Which left, however, today's meeting. And this morning, as everyone weighed in on what should or should not happen at the meeting, we senators were all ready to give up even this gentle involvement in politics forever! The irony, I suppose, is that things seemed to be getting so wildly out of hand because we didn't really need the meeting for our process, so people thought of a hundred other things a meeting would be good for or, if run the wrong way, would be bad for. All sorts of people weighed in on what our agenda should be, who should be invited, if the dean should be present, if there should be a vote, etc., etc. Meanwhile others were insinuating that we had rigged the whole process in order to arrive at this result, or, to the contrary, that we were incompetent for not having forseen this result. We were giving our colleague too strong a mandate, said some; too weak or ambiguous a one, said others... On and on and on, all through yesterday and into this morning - and remember that there are four of us senators, so everything had to be sent back and forth between us. And it's the last week of classes, and we all had classes today, meetings with students, etc.!

Well anyway, amazingly, we survived. More than that, it was a really good meeting! And now everyone is clapping us on the back again for designing such a good process. What happened was simply this: we had a three-point agenda and said so.
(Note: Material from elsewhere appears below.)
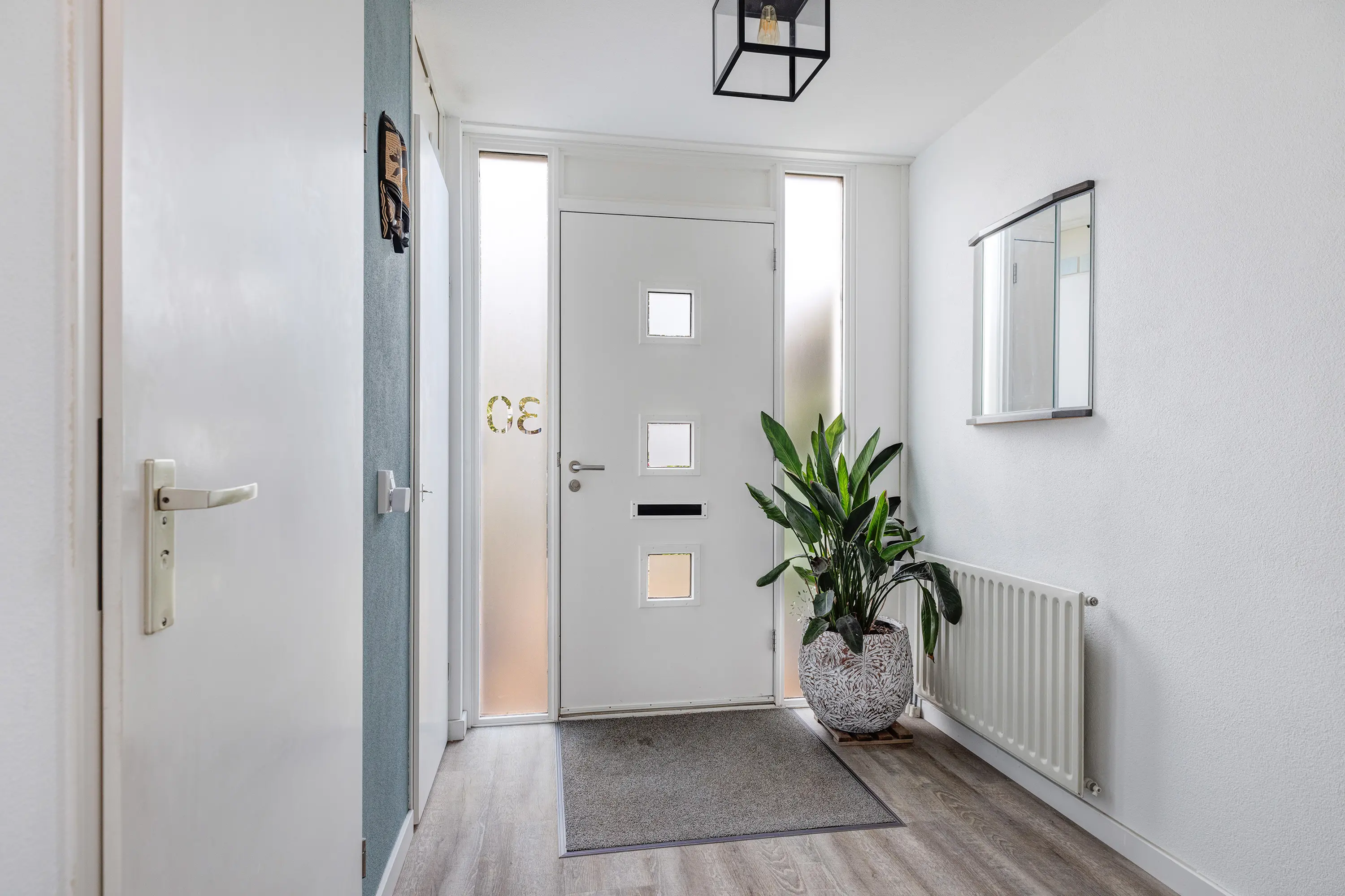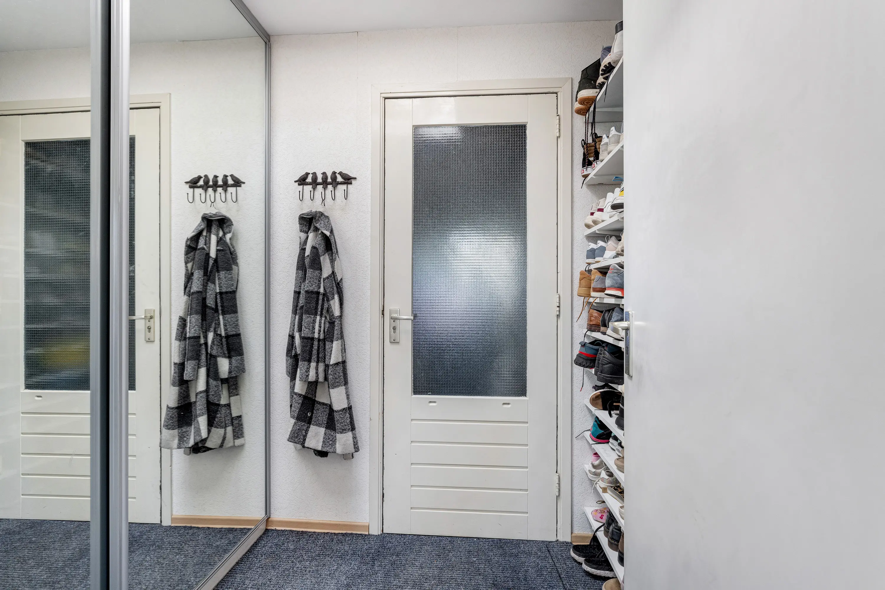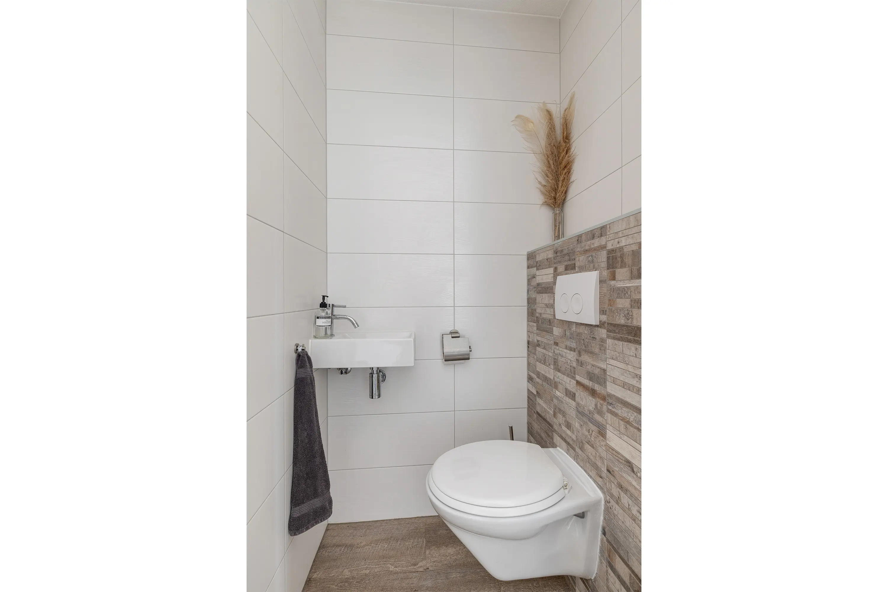 Via de entree kom je in de hal met de meterkast (vernieuwd in 2022) en een moderne toiletruimte met hangend toilet en fonteintje.

The dean came for the first, and explained the demands of the deanship - very interesting. Then the likely next dean took questions on his vision - and convinced the remaining doubters that he's up to the job. Finally, we decided whether or not we still needed a vote of some kind, and passed a resolution recommending our colleague for a three-year term.

In relief, like prisoners who've escaped execution, we senators fled to a bar for a drink and rubbed our eyes. Could the meeting from hell have actually turned out to be an important moment of faculty governance? In one sense we're just where we would presumably have been without the process - same single candidate likely to be the next dean. But in other senses, everything's different. The nomination process showed both that there are many able and that there are few willing to take up the thankless position of acting dean, and today's meeting provided an endorsement of our best bet. And by fashioning a vision statement he's already begun a relationship of accountability to the faculty which we've never had with past deans.

The best thing might actually just have been the drama of it. For today's meeting, for the first time ever (or in a long time), was run by the faculty: we senators sat at a long table, and invited the dean to join us for a report, and then he left the room; then we invited the candidate to join us and he then left the room; finally, we presided over a discussion concerning the faculty's views on the deanship. Isn't that what faculty governance looks like?

What felt best was knowing that we had, in the end, done our job: designing a good democratic process.

In any case: whew. Academic politics can be like a refiner's fire!